That second pregnancy ended in miscarriage at 10 weeks in April 2007, and my writing took an unexpected turn. I found myself in shock to be among the 1 in 5 (likely more like 1 in 4) women who have miscarried. I found myself publicly grieving what could have been. I wrote a lot that month, and then I slowed down, less attached to my online space until I got pregnant again in September 2007. We were living overseas by then, far from family and home, and this was a way I stayed connected to my people.

I was thrilled to be pregnant again, hopeful. In spite of my previous loss, I trusted my body and my baby. The only time in early pregnancy when I remember worrying was when I first suspected I might be pregnant and had some cramping, likely from the fertilized egg implanting into the lining of my uterus. But after that, after that pregnancy test that was so vividly positive, I was full steam ahead. Positive and happy in spite of the morning sickness. Confident.

I spent 6 weeks of that pregnancy in agony on the couch with a horrible case of shingles. I didn’t take antivirals or pain medicine because I didn’t want to endanger my baby. I made it through what was by far the most physically painful 6 weeks of my life straight into a 10 day sinus infection. But still I was undaunted. I was pregnant  and I could feel my baby kicking inside me. I had no reason to think anything would go wrong.

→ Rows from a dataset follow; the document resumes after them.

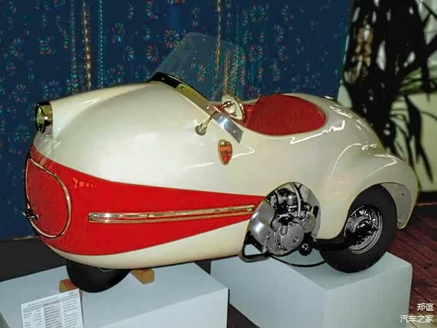 1956年,正在经历泡泡车(Bubble Car)的全盛期,德国设计师埃贡•布鲁奇制作的超小型三轮车,1956年在国际自行车和摩托车展览会上亮相。鸡蛋形状的车身由玻璃纤维制成,长1.7米,宽只有0.88米,重量也只有78kg。
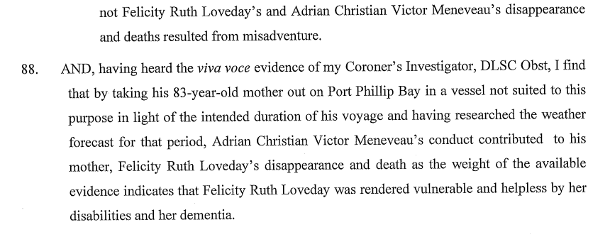 "For me it was the significant delay in the report, it was Felicity being 83 years old and frail, and believing that she was going to be OK on a vessel for three days on Port Phillip Bay," he said, describing the boat as a lake fishing vessel at best.
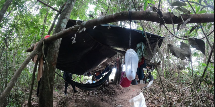 Na fazenda, os fiscais encontraram o grupo vivendo em um alojamento improvisado no meio da mata, coberto com lona fixada em árvores e estacas de madeira, nas proximidades da frente de trabalho. O chão era de terra batida, com desníveis e buracos, sem proteção lateral, o que possibilitava o acesso de animais no local.
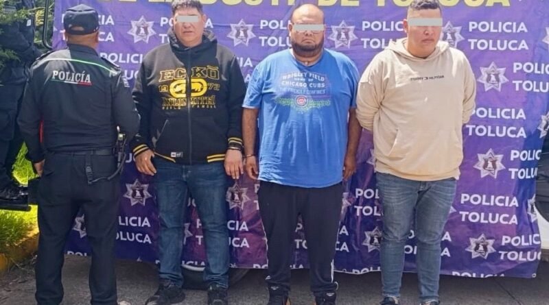 Toluca, Estado de México, – Como resultado de una denuncia ciudadana y la oportuna intervención de elementos de la Dirección General de Seguridad y Protección de Toluca, tres hombres de nacionalidad colombiana fueron detenidos por su presunta participación en un esquema de extorsión conocido como “gota a gota”.
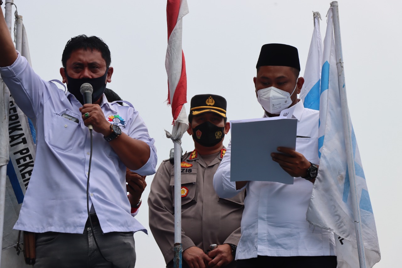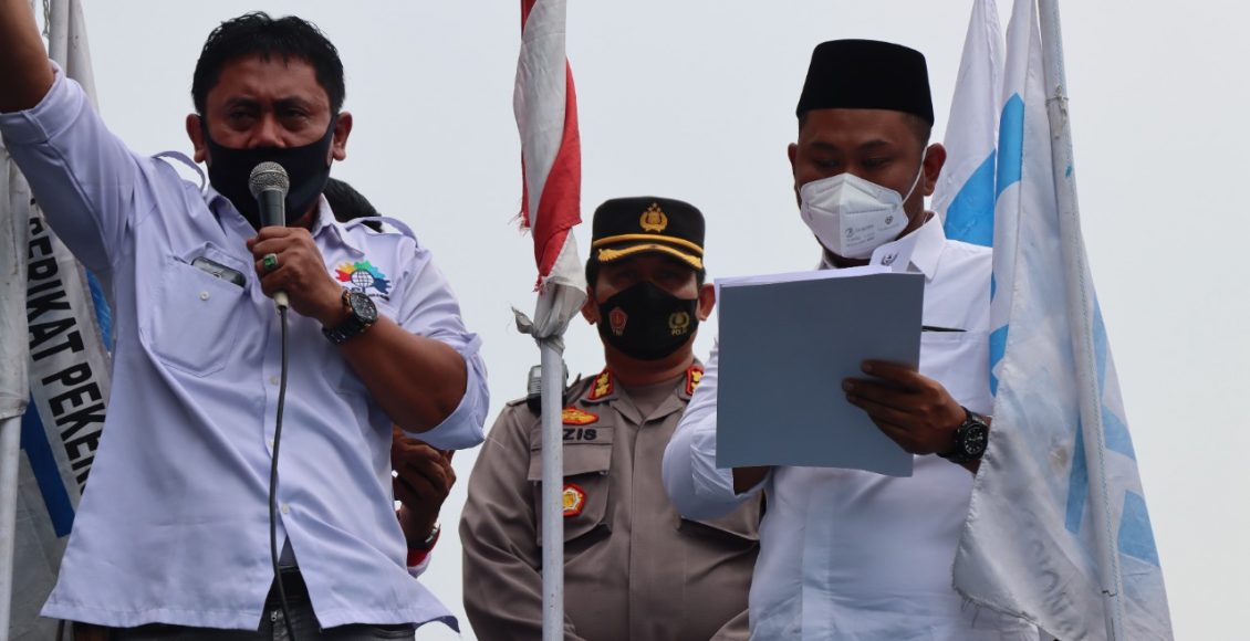 Bupati Gresik menyampaikan terimakasih aksi unjuk rasa berjalan damai dan tertib,pertemuan pada hari ini dalam rangka memperhatikan tuntutan dari pekerja terkait pengajuan Revisi Usulan UMK Kab. Gresik Tahun 2022 oleh Bupati Gresik. yang mana dalam usulan Rekomendasi tersebut terdapat usulan dari Dewan pengupahan Unsur Pemerintah, Akademisi, dan APINDO dan Unsur Serikat Pekerja. Dalam hal ini rekan rekan pekerja keberatan dalam rekomendasi Bupati Gresik pada alinea terakhir yang merekomendasikan hanya 1 angka, sehingga teman teman pekerja menuntut merevisi usulan rekomendasi tersebut.
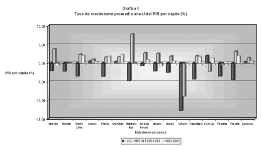 En relación con la gráfica i y ii y de acuerdo con Mendoza y Villena (2006: 582), uno de los factores que explica la desigualdad económica regional en México es la dotación de infraestructura pública. Fuentes y Mendoza [citado en Mendoza y Villena, 2006] señalan que la asignación de dicha infraestructura desempeña un papel importante en las diferencias del pib per cápita, ya que de 1980 a 1985 éste aumentó de manera significativa y apoyó un proceso de convergencia regional. En la etapa 1985-1993 esta variable perdió importancia debido a la disminución de la participación del sector público en la provisión de bienes y servicios.
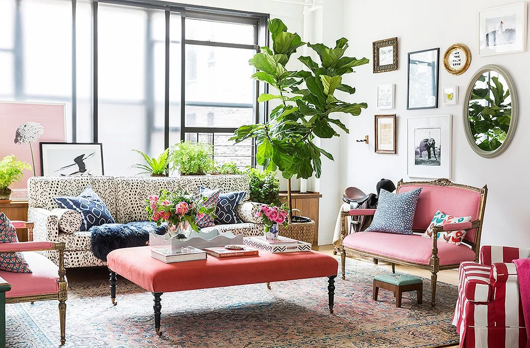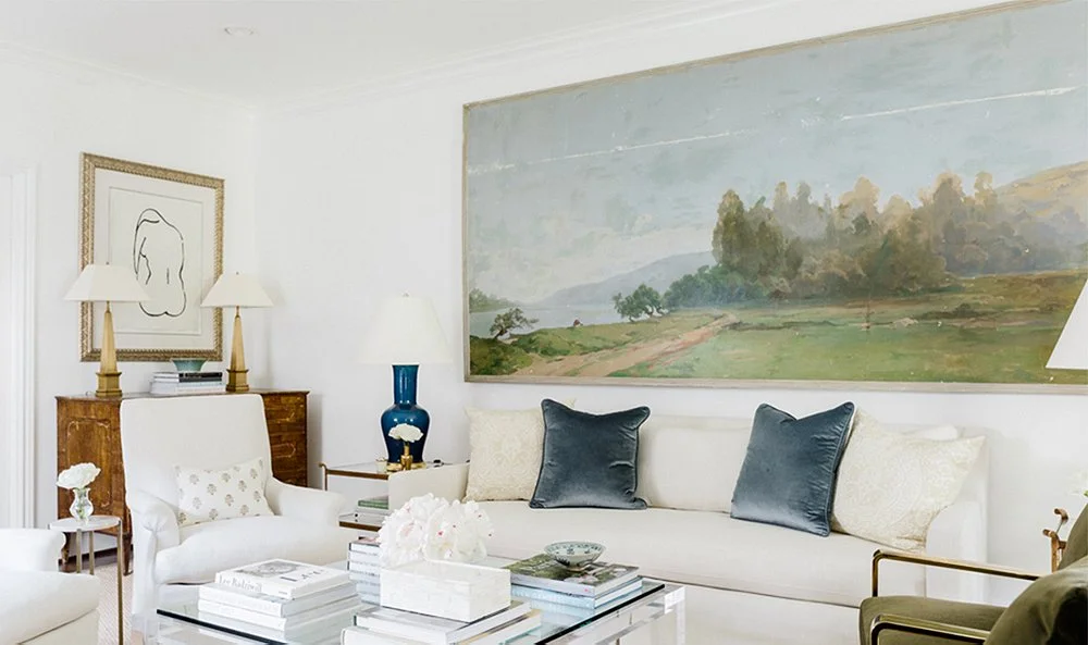 I love love the unity a large-scale piece brings to a space. It shouts confidence! In this example, it’s a double dose of confidence in that bold color choice. Violet purple is not for the faint of heart,… a favorite Crayola color once upon a time!
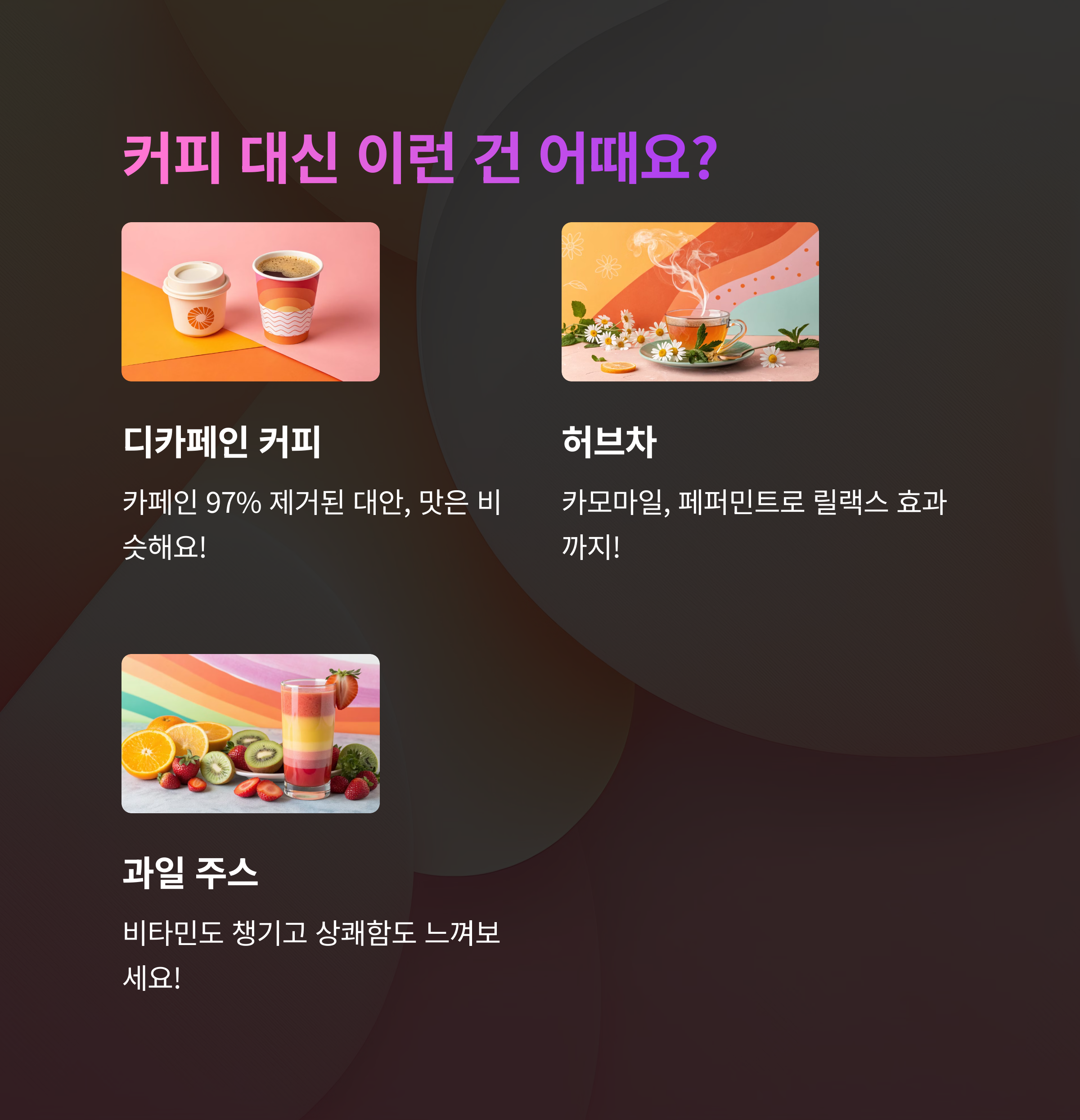 ✔ 커피 대신 건강한 대체 음료도 고려해보기!

And then it did. At my unborn baby’s 21 week ultrasound, the doctor told us there was a problem. And I found myself relating to my online space differently. It became my lifeline to those who loved us who were far away, across the ocean. As I journeyed through the second half of my now-high risk pregnancy, my online space grew as my circle of support grew. We returned home from overseas to navigate uncharted waters with support and familiarity, and to do so in English. When Tikva was born and for the 58 days she lived, I shared our powerful story together at Growing Inside. I shared our love. And the love that surrounded us – the love that held us – that love grew.

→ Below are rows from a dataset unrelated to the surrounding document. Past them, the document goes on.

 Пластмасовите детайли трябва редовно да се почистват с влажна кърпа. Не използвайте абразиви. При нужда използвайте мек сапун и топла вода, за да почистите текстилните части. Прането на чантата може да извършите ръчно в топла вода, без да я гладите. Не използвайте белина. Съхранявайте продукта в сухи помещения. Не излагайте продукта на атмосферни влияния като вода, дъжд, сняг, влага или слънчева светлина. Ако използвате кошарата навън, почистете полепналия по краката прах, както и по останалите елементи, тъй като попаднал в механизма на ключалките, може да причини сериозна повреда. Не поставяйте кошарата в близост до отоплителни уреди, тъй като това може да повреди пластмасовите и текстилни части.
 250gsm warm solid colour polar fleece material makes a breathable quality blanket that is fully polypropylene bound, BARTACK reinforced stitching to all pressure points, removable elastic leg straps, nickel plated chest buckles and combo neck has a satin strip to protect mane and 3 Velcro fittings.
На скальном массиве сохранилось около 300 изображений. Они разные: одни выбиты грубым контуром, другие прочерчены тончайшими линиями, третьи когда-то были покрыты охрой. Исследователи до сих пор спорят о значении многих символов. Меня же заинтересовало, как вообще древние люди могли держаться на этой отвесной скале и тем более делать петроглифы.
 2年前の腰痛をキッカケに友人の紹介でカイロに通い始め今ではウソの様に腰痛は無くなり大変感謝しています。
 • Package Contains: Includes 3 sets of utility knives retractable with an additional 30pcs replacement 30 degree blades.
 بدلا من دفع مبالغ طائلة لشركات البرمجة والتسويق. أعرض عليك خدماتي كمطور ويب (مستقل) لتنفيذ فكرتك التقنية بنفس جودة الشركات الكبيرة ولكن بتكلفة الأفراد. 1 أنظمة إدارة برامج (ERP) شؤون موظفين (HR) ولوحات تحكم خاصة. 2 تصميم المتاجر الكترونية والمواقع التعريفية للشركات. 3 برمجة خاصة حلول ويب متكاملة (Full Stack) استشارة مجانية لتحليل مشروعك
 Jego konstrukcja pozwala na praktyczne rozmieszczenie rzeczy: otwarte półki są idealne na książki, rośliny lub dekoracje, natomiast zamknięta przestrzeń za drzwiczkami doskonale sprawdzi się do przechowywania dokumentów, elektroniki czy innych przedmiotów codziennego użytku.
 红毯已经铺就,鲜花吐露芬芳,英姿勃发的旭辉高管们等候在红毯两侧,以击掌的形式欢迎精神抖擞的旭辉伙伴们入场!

After Tikva died, I kept writing. I wrote for my survival. I wrote also at Glow in the Woods, a website created by and for parents who had also lost babies. I wrote – again – about the loss of all that was possible, the loss of my dreams, the loss of my child. I connected, via my blog, with other babylost parents, with women who held me and whom I was able to hold through their grief and rebuilding. I wrote 471 posts at Growing Inside, and at the end of December 2009, almost a year and a half after my daughter had died, I felt it was time to stop.

I started a new space, at the time a more private space, a few months later. I called it Clearing Space and Settling In and I wrote in it sporadically, but without the momentum I’d had writing at Growing Inside. The internet is like that, you can exist somewhere, then you recreate yourself and exist somewhere else. It’s still you, still your story, but the space feels fresh, new, and I think I was hopeful it would inspire movement within me. Inspiration. Maybe it did. I’m not sure.

Then in late 2010, again with news to share, I created another new spaceA Radiant Beam of Light. With some help, I had gotten pregnant again, this time with twins. Here in this new place, I wrote about the ups and I wrote about the downs. I wrote about sharing the news with our older daughter, her joy, my joy. When one of the twins died just after we had told our daughter she was going to be a big sister again, I wrote again about loss and grief and sorrow, and this time I wrote about anger. I wrote about fear. I shared my prayers that I wouldn’t lose the second baby. I held the loss of Tikva and I held my breath. I could not drop into this pregnancy with ease. This time pregnancy was scary.

That post I’d written about telling our daughter we were expecting twins breaks my heart to read now. What do you do with hope that existed – hope that was put into words – and then was lost? Does its energy still exist in the history of all that has been?

And then I could no longer feel the second twin moving inside me, and on Valentine’s Day I found out he had died. A few days later, I delivered my almost-babies. Again, I said goodbye to my dreams, to what might have been. Again I grieved. This time it was angry, hopeless grieving. I wrote sporadically at A Radiant Beam of Light and then I stopped in April 2013, two years after losing the twins.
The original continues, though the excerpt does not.